Когда мы приехали в Дарницу и выгрузились из эшелона, то неприятно было смотреть на молодых солдат. Вид у них был невзрачный. На головах у многих были полотенца, гражданские фуражки, изодранные военные ушанки. На ногах можно было видеть и рваные ботинки разных размеров, и рваные сапоги: наши кирзовые и трофейные яловые, а тои просто ноги, обернутые одними портянками. Вся эта армия бросилась на Дарницкий рынок. И опять кто продавал, кто менял новое на старое или просто отнимал.
На площади базар висел на виселице предатель. Его повесили партизаны.
В Дарнице мы пробыли до вечера. Вечером нам построили и повели на юго-запад. Так как многих солдат не было, то нас остановили в лесу. В лесу было по щиколотки воды, и мы ломали елки, делали себе что-то вроде постелей. После полуночи нас подняли и повели дальше. Прошли километров 20-30. Впереди был городок или село, нас в него не пустили. Мы простояли 2-3 часа, после чего кем-то была дана команда: «Кто как может, добирайтесь обратно до Дарницы». Все бросились кто куда. Кто на дорогу, чтобы на попутной машине уехать в Дарницу. Кто в деревню, чтобы что-нибудь поесть и поспать.

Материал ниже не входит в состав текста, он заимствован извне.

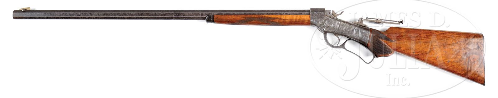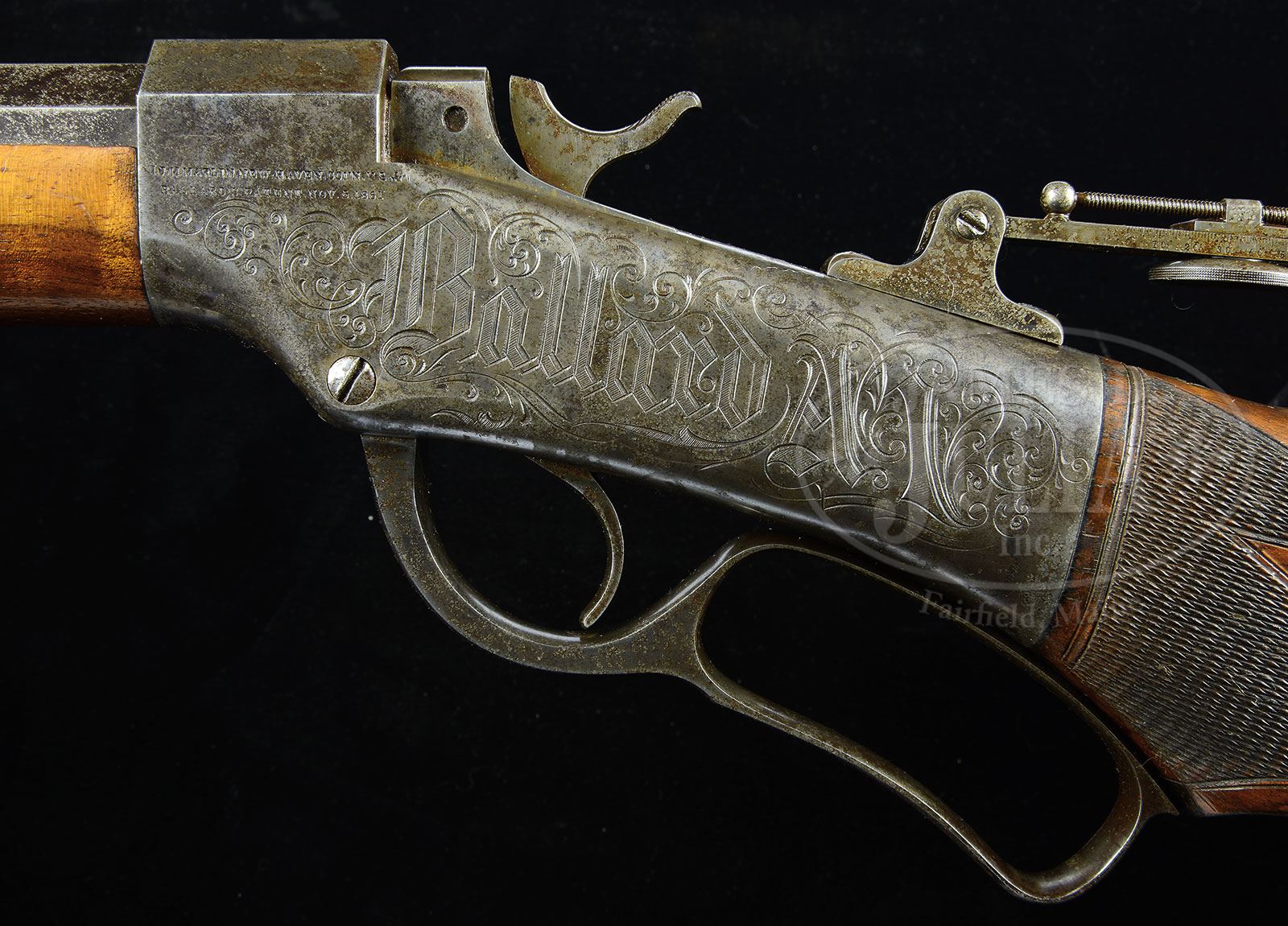 RARE MARLIN BALLARD #4-1/2 A-1 MID-RANGE SINGLE SHOT TARGET RIFLE.SN 1815. Cal. 40-65 Ballard Everlasting. Scarce Ballard rifle with 30″ medium weight oct bbl, nickel silver Rocky Mountain front sight, no provision for a rear sight and an orig, short base mid-range vernier tang sight with 3-3/4″ staff. Receiver is engraved by L.D. Nimschke with the large panel on the left side engraved “Ballard A 1” and “Mid-Range” on the right side. Both panels are surrounded by light foliate arabesque patterns. Mounted with nicely figured, light colored European walnut with slim checkered forearm that has carved horn schnable tip and a serpentine grip buttstock with checkered steel buttplate. Accompanied by its orig black leather covered, dark green velvet lined sight case for the sights on this rifle plus four extra front sight inserts. Also accompanied by Mr. Yearout’s Collection inventory card which shows he purchased this rifle from well known old time dealer, Ray Saign, of Minneapolis, MN in Apr. 1973. PROVENANCE: Estate Collection of Lewis & Leyton Yearout. CONDITION: Very good. Bbl retains 30-50% dull orig blue mixed spotting; receiver retains faded case colors with rust spotting, as does the lever, hammer and breech block. Stock has a small screw hole in top of the wrist which has caused a 1-1/2″ crack, otherwise wood is sound with usual nicks, dings & scratches and overall retains 88-90% strong orig varnish. Mechanics are fine; brilliant shiny bore. Sight case is missing one small corner of the leather covering and shows edge wear, a few nicks & dings with very lightly faded interior. 4-53973 JR72 (4,000-7,000) – Lot 2151 Click here to view provenance

Нас собралась группа в 5 человек, и мы пошли в деревню, которая виднелась невдалеке. Хозяйка, видя нас, наверное, подумала: «Вот это солдаты!» Бабушка накормила нас, сварила картошки в мундире большой чугун, сала немного, хлеба. Все это мы съели и почувствовали боль в животах. Проспали мы ночь, утром нас опять покормили и дали по куску хлеба. Поблагодарив хозяйку, мы двинулись в путь. Выйдя на дорогу, мы остановили машину, которая шла в направлении Дарницы, с бочками из-под солярки. Усевшись на эти бочки, мы доехали до нужного места. Здесь мы узнали, что наш бывший начальник эшелона строго наказан, разжалован в рядовые, офицеры тоже были наказаны. Нас передавали другим офицерам.
К вечеру нас привели к переправе через Днепр. Через переправу и через Киев шли под прикрытием темноты. Поздно вечером мы были в Иветошинском районе
Здесь снова мы переночевали. На ночлег нас никто не пускал, было поздно, но все же мы уговорили пожилую женщину, старушку. И мы вошли в низкий каменный домик, есть у бабушки у самой ничего не было, мы не стали просить. Сначала бабушка была не разговорчива, но потом разговорилась и рассказала нам много того, что нам птенцам, было мало известно, а именно она нам рассказала, как немцы убивали евреев, и что несколько тысяч человек были зарыты живьем в «Бабьем Яру», что там, несколько дней дышала земля!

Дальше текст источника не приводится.